Михаил Андреевич Осоргин (1878 — 1942) — выдающийся писатель русского зарубежья, уроженец Перми, остававшийся и на чужбине горячим патриотом Пермского края. Имя опального писателя долгие годы было предано забвению на Родине. Возвращение его литературного наследия домой началось 16 лет назад. Осоргин был не только прекрасным беллетристом, публицистом, эссеистом, переводчиком, но еще и страстным библиофилом.

«Заметки старого книгоеда» стала первой осоргинской книгой, увидевшей свет в России в 1989 году. Подготовил ее к печати известный литературовед и библиофил О.Г. Ласунский, который «открыл» россиянам этого замечательного писателя. Хотя эта книга и вышла тиражом 25 тысяч, сегодня она стала редким раритетом. Но и в этот сборник вошли далеко не все библиофильские работы писателя.

Еще при жизни Осоргина его «Заметки старого книгоеда» на Западе были очень популярны как интереснейшие библиофильские этюды, которые публиковались регулярно с 1928 по 1934 гг. в парижской газете «Последние новости». Как отмечает О.Г. Ласунский, «Заметки…» были любимым детищем Михаила Осоргина [3; 19]. Из этой книги мы узнаем о читательских впечатлениях писателя, о том, какое место занимала книга в его духовной жизни. Мы видим, какой это был прекрасный знаток русской книги, как старинной, так и современной. И он очень
много сделал для ее популяризации на Западе.

В «Заметках старого книгоеда» заключен, кроме того, бесценный опыт культуры общения с книгой, такое ее понимание, которое порой переходит в сотворчество. Читать М.А. Осоргин любил не меньше, чем писать. Чтение занимало огромное место в его жизни не только потому, что он был писателем, но и потому, что был русским интеллигентом. «Книголюб с малолетства» — говорит он о себе в одном из очерков.

В семье любили литературу, позднее, будучи уже гимназистом он становится поклонником классической литературы.
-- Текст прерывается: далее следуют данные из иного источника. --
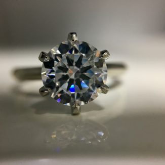 7.5mm Trü-Hybrid D/FL in a platinum 6-Claw Solitaire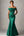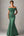 Robe formelle en satin à volants à épaules dénudées vert foncé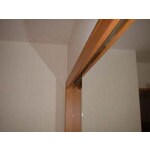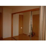 マンションの柱が出ている壁面に引き違いの扉を付けて、奥行き30cm程度の収納を作りました。ただし、その収納扉が大きな鏡なのでちょっとおしゃれに仕上がりました。 既製品(輸入品)を使うことで 結構お安く出来ました。

Вместе с однокашниками вслух читались «неизвестное и зловредное»: Достоевский, Толстой и прочее [2; 164]. Юный Михаил с восторгом открывает для себя Пушкина.
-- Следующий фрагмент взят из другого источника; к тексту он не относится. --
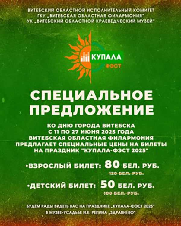 В честь Дня города Витебска, с 11 по 27 июня 2025 года Витебская областная филармония дарит скидки на билеты на праздник "Купала-Фэст 2025" в музее-усадьбе И.Е. Репина "Здравнёво":

Но переворот в душе произвел Аксаков. Позднее, когда Осоргин стал учиться в Московском университете, интерес к книге укрепился и перерос в увлечение литературным творчеством. После октября 1917 г. он принимает активное участие в культурной и общественной жизни республики Советов. Стал первым председателем Союза журналистов России, вице-председателем Союза писателей России.
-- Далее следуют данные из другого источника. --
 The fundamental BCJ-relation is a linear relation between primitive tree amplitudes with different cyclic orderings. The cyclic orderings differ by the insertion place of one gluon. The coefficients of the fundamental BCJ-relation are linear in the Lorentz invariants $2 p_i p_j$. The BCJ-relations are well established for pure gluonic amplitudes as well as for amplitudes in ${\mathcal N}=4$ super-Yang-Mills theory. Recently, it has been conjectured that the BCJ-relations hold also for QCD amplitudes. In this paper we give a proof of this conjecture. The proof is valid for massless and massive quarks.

В 1918 г. Михаил Андреевич вместе с рядом видных писателей и ученых учреждает на кооперативных началах в Москве Книжную лавку писателей, которая просуществовала до 1921 г. Литераторы, а среди них были, например, философ Н.А. Бердяев, писатель Б.К. Зайцев, сами стояли за прилавком, сами находили и скупали продававшиеся оптом библиотеки, спасали книги из брошенных хозяевами или разоренных домов. Лавка делала большое культурное дело. Она снабжала литературой рабочие клубы, школы, открывшиеся в провинции университеты.

Знания и опыт, полученные в лавке, Михаил Андреевич впоследствии использовал в своем творчестве. Уже тогда у него возникло убеждение, что старая и редкая книга — всегда «личность», «индивидуальность», достойная особого почтения.

Человек независимых убеждений, в 1922 году вместе с большой группой московской творческой и научной интеллигенции он был отправлен на знаменитом «философском пароходе» в заграничную ссылку сроком на три года. Но как оказалось, навсегда. С осени 1923 года М.А. Осоргин обосновался в Париже, духовном центре русского зарубежья. Здесь расцвел его замечательный талант прозаика, появились романы, повести, рассказы, очерки, эссе — в любом
из этих жанров он оставался самобытным литератором, не похожим на остальных.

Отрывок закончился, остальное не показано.